So I cannot deny it any longer. For months, I have been trying to convince myself it’s just bad lighting or my eyes playing tricks but the truth refuses to be ignored. I now have two choices, accept it or get rid of all reflective surfaces in the world.
What calamity has precipitated such an extreme reaction? It’s the dreaded . . . turkey neck! For those of you who haven’t yet lost your innocence, it’s when the skin under your chin gets saggy making you look like, you guessed it, a turkey. This latest atrocity is just one in a long line of degrading and mortifying tortures Mother Nature inflicts on her aging children. Waning eyesight, insomnia, constipation and incontinence (really!?!), low energy, aches, pains and a whole host of other horrors that I will not describe as I don’t want the young ‘uns to run screaming into the night.
I can deal with the “fine lines”― aka wrinkles― around my eyes and on my forehead. Bangs and glasses hide those reasonable well. I can even deal with the blotches and lines radiating outward on my chest (damn that SPF 0 in baby oil) as most shirts cover those as well. But this turkey neck is the last straw. I refuse to wear turtlenecks (again with the animal neck comparison) all year round and I don’t care what any beauty product promises, no cream in a jar will miraculously tighten and firm up anything!

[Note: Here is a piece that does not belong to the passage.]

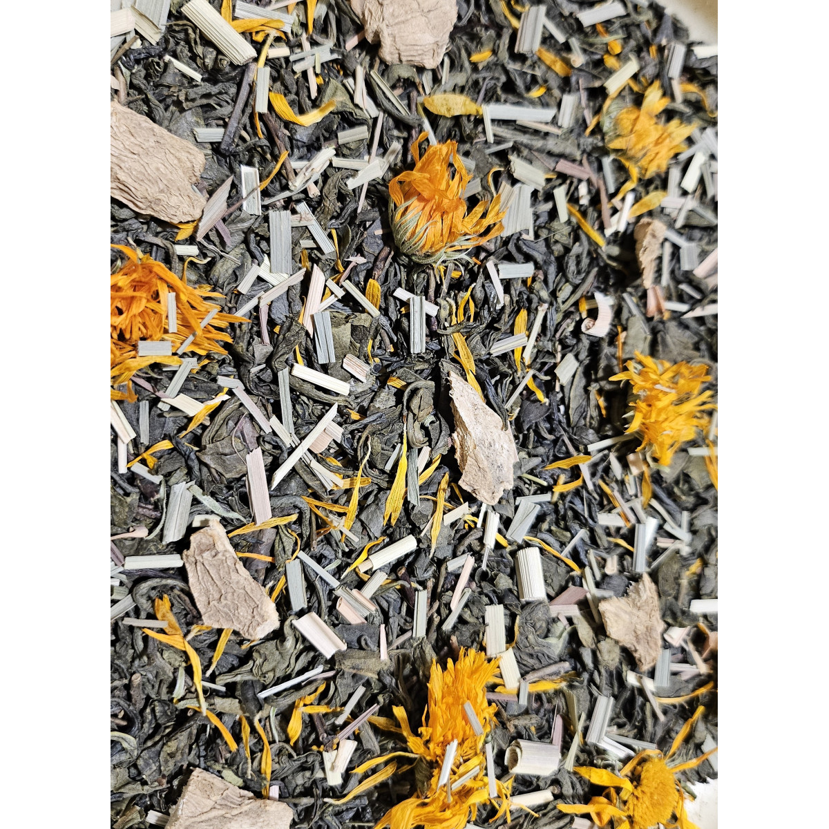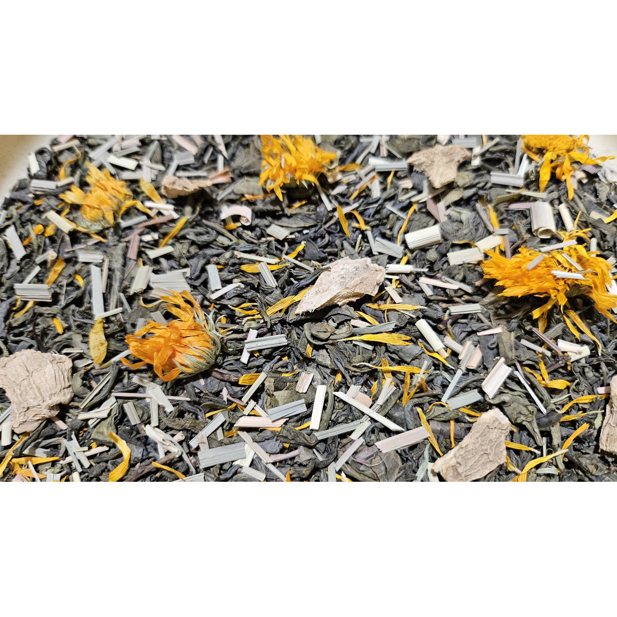 Чай зелений "Імбірний" - це чай китайський зелений, шматочки імбиру та пелюстки календули

I did the only thing I could. I googled turkey neck and presto― 12,500,000 results in .28 seconds. As I perused the options one thing became abundantly and tragically clear. There really is no way to spot target this area and even though there are plenty of sites guaranteeing results with just a few minutes of chin tightening exercises, I had to come to the soul crushing realization that they are empty, worthless promises. The clincher, Oprah.com, after some allegory about hemming skirts, came right out with the unvarnished truth― only a visit to the tailor (i.e. that’s code for surgeon if you’re having trouble following) will cure this affliction.
Until about five minutes ago, I was vehemently and morally opposed to going under the knife to extend youthful looks but that was before my neck started flapping in the breeze. Unfortunately, I am not independently wealthy, or dependently for that matter, and I don’t have the fundage to pursue this option and to top things off, no insurance company in the universe will cover this necessary and life affirming procedure and will, in fact, laugh you right off the phone if you attempt to sway them with tears, threats and/or bribes.
I guess I will just have to take solace in the parting advice from Oprah’s guru on the subject and I quote: “Your magnificent eyes and delicious smile may render your neck way less noticeable than you think.”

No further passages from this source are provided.